We see signs of compassion in another part of the work: They needed it more than you did. Again we see an installation made of an image transferred on a textile hanging from the ceiling, plus a readymade on the floor. The photo shows villagers at the time of the war. The readymade is a kettle on a tablecloth made of handmade paper. The title was uttered by Gunneng’s grandmother. The Russian prisoners had stolen cream from the family. Even though the locals had a difficult time, they knew the Russians were worse off.

The combination of real objects and photos raise interesting questions around the subject of authenticity. The photography has been considered a witness of truth. Especially the kind of documentary photos Gunneng has put to use.
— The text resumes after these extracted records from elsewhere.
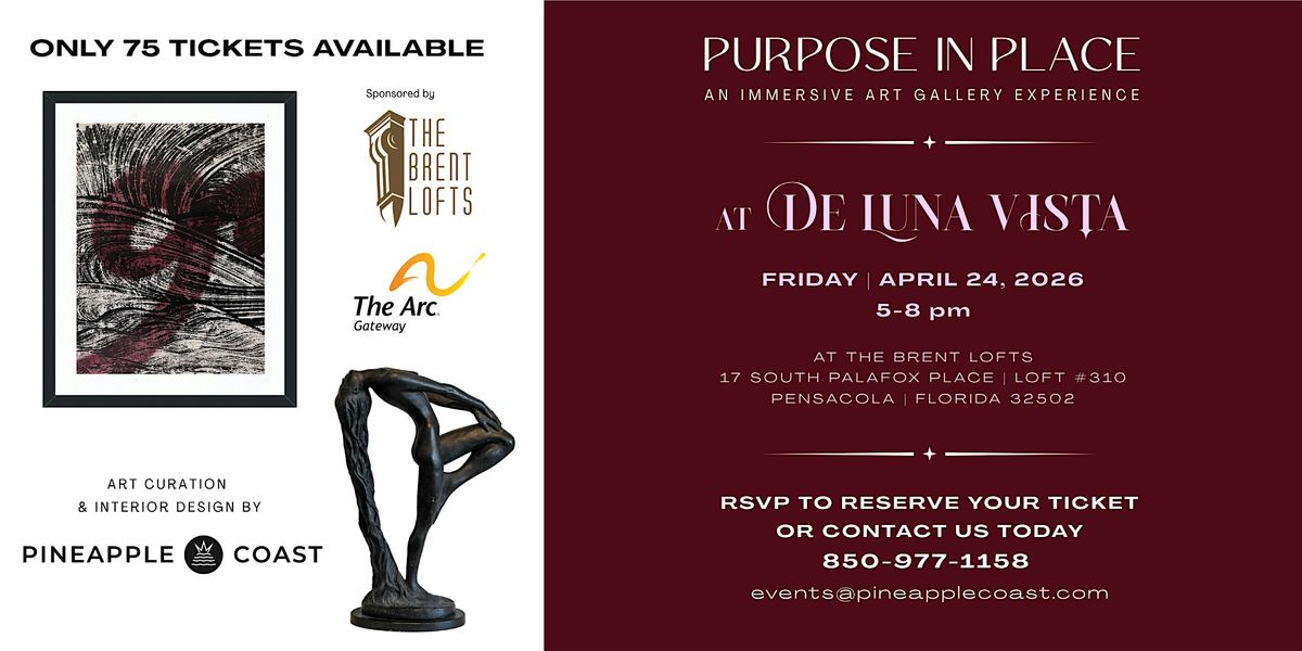 Welcome to PURPOSE IN PLACE at De Luna Vista at The Brent Lofts—a luxury downtown Pensacola nightly condo rental property transformed into an immersive art gallery experience happening at 17 South Palafox Place - Unit #310. Mark your calendar for April 24, 2026 at 5:00 PM (Central Time) and get ready for an unforgettable evening of art and new perspectives. Don’t miss out on this unique experience!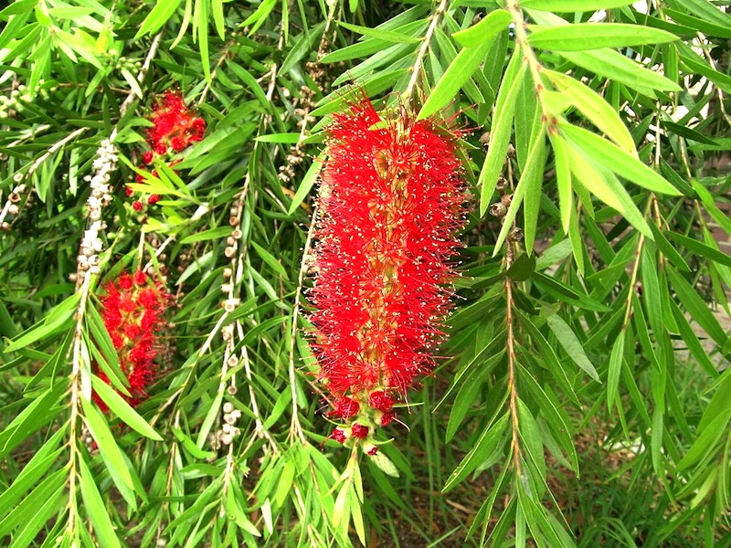 The Burlingham sisters (Ann, Kathryn, and Gillian) and their extended family (spouses, children, mother, and aunt) have been on tour on the other side of the world, sending back (wonderful) Facebook reports on their travels. Along the way, a note on Callistemon flowers.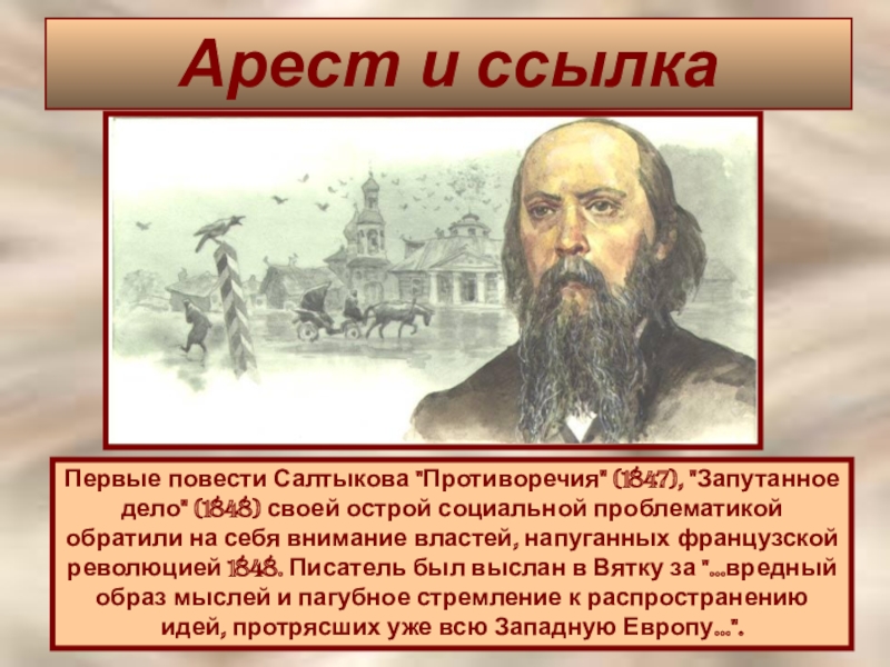 острой социальной проблематикой обратили на себя внимание властей, напуганных французской революцией 1848. Писатель был выслан в Вятку за "...вредный образ мыслей и пагубное стремление к распространению идей, протрясших уже всю Западную Европу...".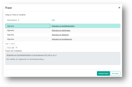 Hvis der er oprettet fraser i din kommune, kan du anvende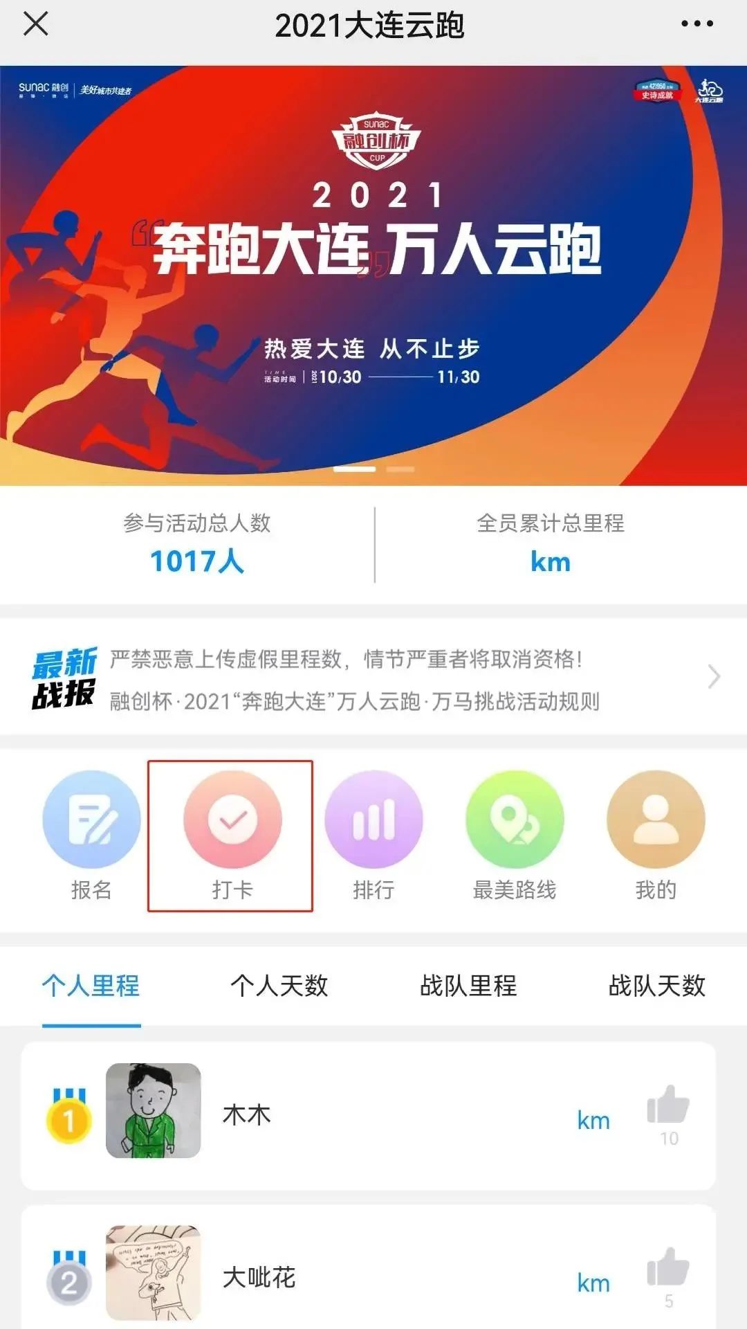 据了解,活动期间,报名者只需点击“大连云跑”官方小程序平台的“打卡”按钮,就可以上传当日的线下跑步成绩,从而在尽量减少聚集的情况下,通过“云跑”平台汇集跑步里程,凝聚城市活力。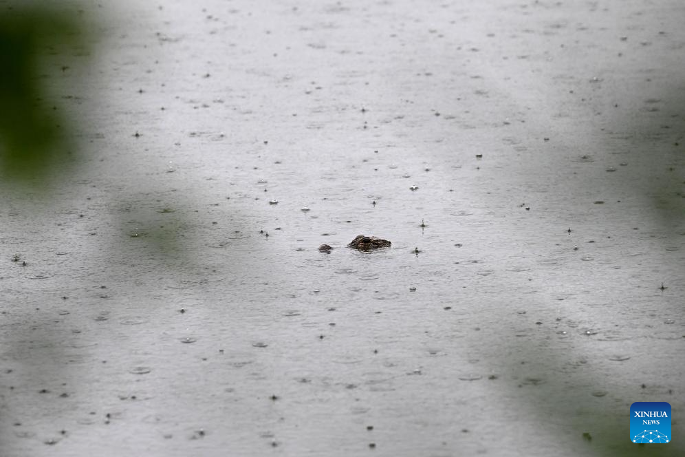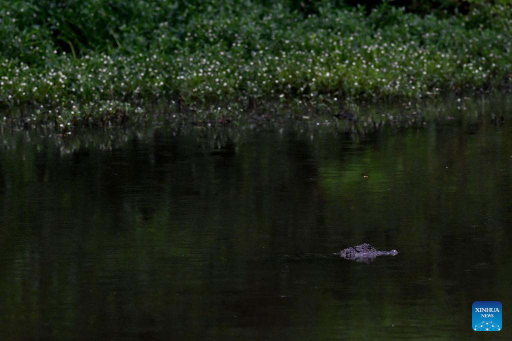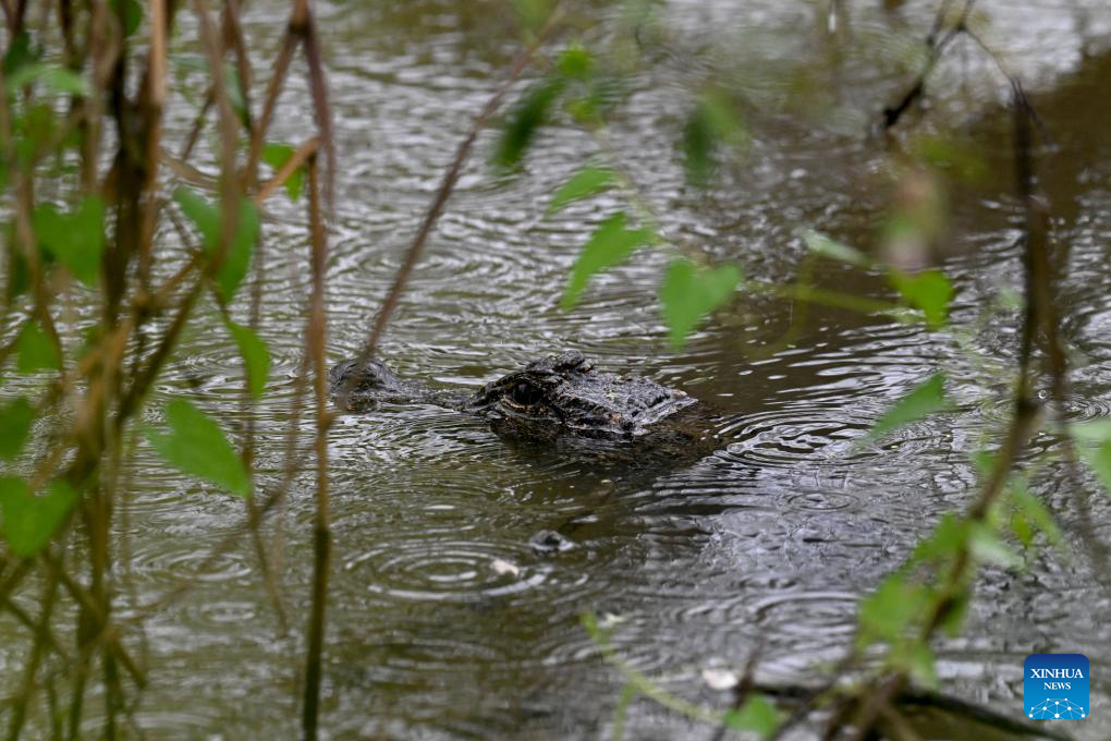 This photo taken on May 21, 2024 shows a Yangtze alligator in Changle area in Anhui Yangtze alligator national nature reserve, Nanling county of Wuhu City, east China's Anhui Province. (Xinhua/Huang Bohan)

In this context the found objects are superior to the photos in terms of authenticity. Here, the reality of the past is literally brought into the space of the gallery. It is as if the artist insists that this has actually happened. As if we didn’t know. By bringing up the story of Djupvik, it is as though Gunneng is bringing up a trauma. Not a trauma experienced by her. Rather the trauma of the village. Gunneng has told of how many people refused to speak of the events of the war. It was hard to make them open up. In this way the artist becomes a kind of therapist to the village. She unearths old memories and displays them. Freud described trauma as being two-part, where the original, suppressed childhood trauma could only be comprehended and accessed through a similar trauma experienced as an adult. Even if we, in Norway, have not experienced war close at hand since the second world war, an obvious interpretation of Gunneng’s preoccupation with war and compassion is not only as a historical comment, but also a current commentary to a world where war crimes fill the headlines. For the trauma is universal. It is human. Maybe that is why this aforementioned calm descends. Does compassion exist out there, after all?

Torill Østby Haaland has a masters degree in Art History from the University of Oslo. She is working with the teaching of art, and as an art critic.